To provide the PaaS capability of being able to take source code and deploy it, OpenShift adds automation for performing builds on top of Kubernetes. OpenShift supports two main strategies for building from source code.

In the style of a traditional PaaS, OpenShift can take your application source code and, using a builder for the programming language you are using, create your application image. You as a developer do not need to provide instructions on how to create the container image; the platform will do this for you.

In addition, OpenShift can also accept source code that includes a set of instructions to create the application image in a Dockerfile. This is what you need to do if building a container image yourself using Docker, but OpenShift will do it for you, inside the OpenShift platform.

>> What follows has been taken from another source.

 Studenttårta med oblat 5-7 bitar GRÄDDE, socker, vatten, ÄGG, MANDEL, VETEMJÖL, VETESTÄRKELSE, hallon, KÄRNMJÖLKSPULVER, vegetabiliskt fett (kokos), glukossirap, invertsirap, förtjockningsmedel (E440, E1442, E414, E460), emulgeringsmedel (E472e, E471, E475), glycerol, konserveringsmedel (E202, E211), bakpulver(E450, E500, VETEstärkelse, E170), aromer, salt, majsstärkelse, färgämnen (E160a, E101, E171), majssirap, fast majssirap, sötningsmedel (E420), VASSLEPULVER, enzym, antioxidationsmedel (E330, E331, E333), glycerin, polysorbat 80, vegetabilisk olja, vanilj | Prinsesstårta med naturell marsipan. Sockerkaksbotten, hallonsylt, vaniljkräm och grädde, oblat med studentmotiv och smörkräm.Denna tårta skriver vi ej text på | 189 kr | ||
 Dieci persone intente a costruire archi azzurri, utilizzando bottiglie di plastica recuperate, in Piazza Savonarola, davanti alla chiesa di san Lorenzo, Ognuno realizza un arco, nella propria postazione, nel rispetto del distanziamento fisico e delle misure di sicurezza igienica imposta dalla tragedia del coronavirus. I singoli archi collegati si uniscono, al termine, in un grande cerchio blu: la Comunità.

In both cases, OpenShift will cache the application image in an image registry that it provides. The application image will then be deployed from this internal image registry.

Using OpenShift to build the application image from a Dockerfile means you do not need to have the Docker tool on your own system, nor do you need to use a separate image registry to hold your images.

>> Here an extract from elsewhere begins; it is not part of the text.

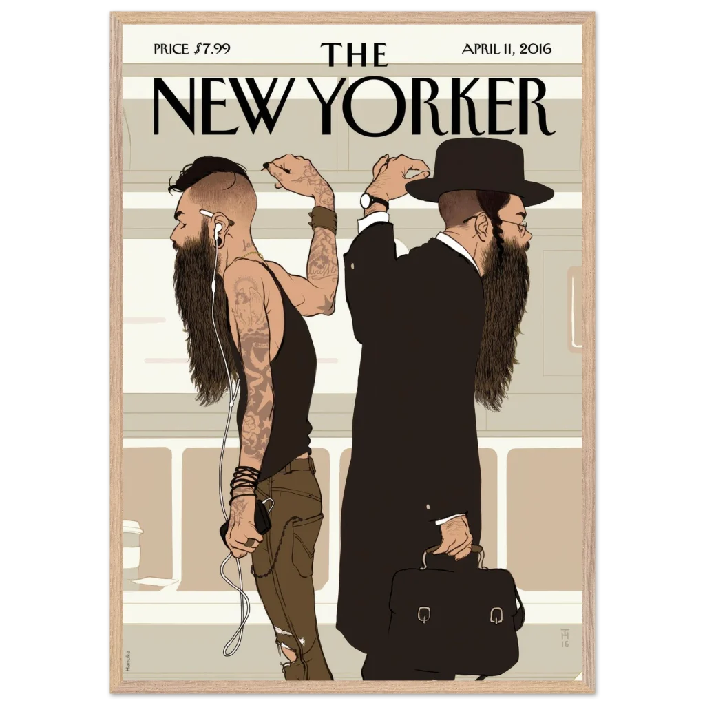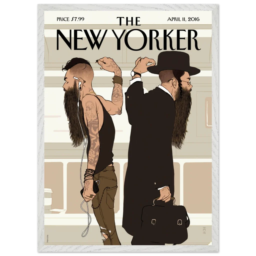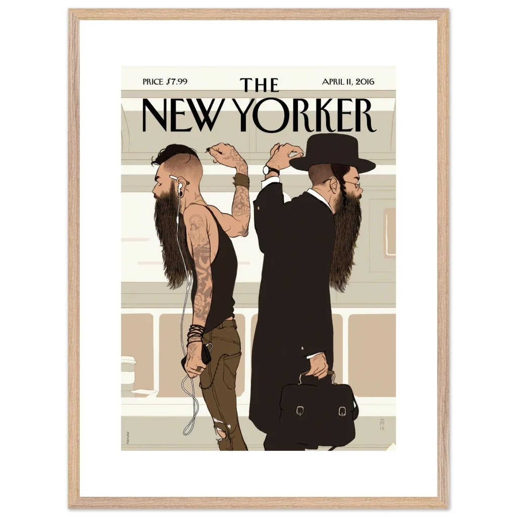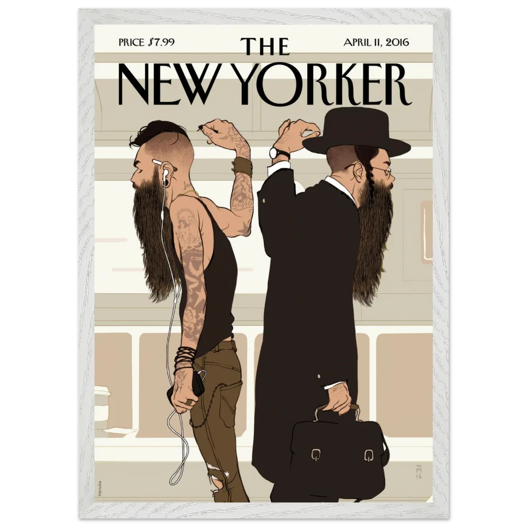 Capture the compelling narrative of urban life with this iconic New Yorker ‘Beards’ cover art. This thought-provoking illustration, rich in cultural contrast, brings a sophisticated yet striking visual statement to any space. Perfect for the discerning art lover or anyone who appreciates the subtle complexities of modern society, this premium framed poster offers a unique conversation starter and a timeless piece of contemporary art for your home or office.

With both types of builds, OpenShift can pull the source code for the build from a hosted Git repository. If you’re using a service such as GitHub, GitLab, or Bitbucket, you can configure the Git repository hosting service to notify OpenShift whenever you push changes to your code back to the hosted Git repository. This notification can trigger a new build and deployment of your application.

This automation means that once you have set up your application in OpenShift, you do not need to interact directly with OpenShift as you continue with your application development. As soon as you push back changes to your hosted Git repository, OpenShift will know and can build and redeploy the application automatically.

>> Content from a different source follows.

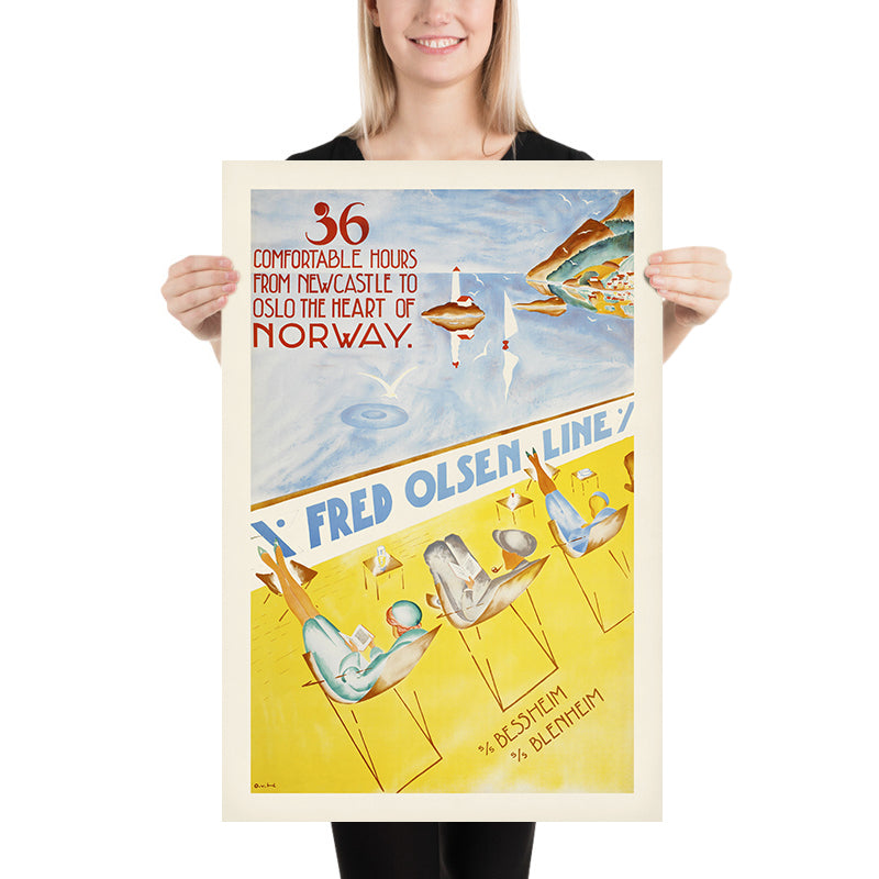 Otto von Hanno’s Fred. Olsen Line is a classic Norwegian travel poster inviting British passengers to sail “36 comfortable hours from Newcastle to Oslo, the heart of Norway.” Likely produced in the interwar era, it captures the romance of crossing the North Sea to the Oslofjord. A crisp diagonal divides the composition: above, a pale blue fjord with mirrored cliffs, tiny harbor houses, and red‑tipped navigation buoys; below, a sunlit deck where three stylish travelers lounge in sling chairs, reading as the ship glides onward. The artist’s monogram “O.v.H.” appears at lower left, and the ships “s/s Bessheim” and “s/s Blenheim” are named at the lower right.

Deploying Your Application

By building on top of Kubernetes, adding its own automation for builds and deployments, OpenShift operates as both a CaaS and a PaaS. In other words, OpenShift implements a general-purpose container platform. You can deploy your own bespoke applications, or you can import third-party applications such as databases, messaging systems, or other business suites to support the business processes of your organization.

In this book you will learn about the different ways you can deploy applications to OpenShift. This will include deploying from a prebuilt application image using the CaaS functionality of OpenShift, and building from source code in the manner of a PaaS.

You will also learn how to integrate your application into the OpenShift platform, how to configure it through OpenShift, how to mount persistent volumes, how to make it public so users can access it, and how to monitor and debug your application.

To interact with OpenShift you can use either a web console or a command-line client. This book will focus on using the command-line client.

The main application example that will be used throughout the book is a Python application implemented using the Django web framework. This is the same sample application that is used in many of the tutorials found on the OpenShift Interactive Learning Portal. In addition to reading through this book, you can use those tutorials to further investigate many of the topics we cover.

The source code for the sample application can be found on GitHub.

If you wish to work through the example in the book yourself, you can use the playground environments on the OpenShift Interactive Learning Portal. The playgrounds don’t follow a set tutorial, and you are free to try anything you want.

You can also install OpenShift yourself, or use a hosted OpenShift service. The next chapter will discuss options for running OpenShift, with the remainder of the book then showing you how to use it so you can learn to deploy your own applications.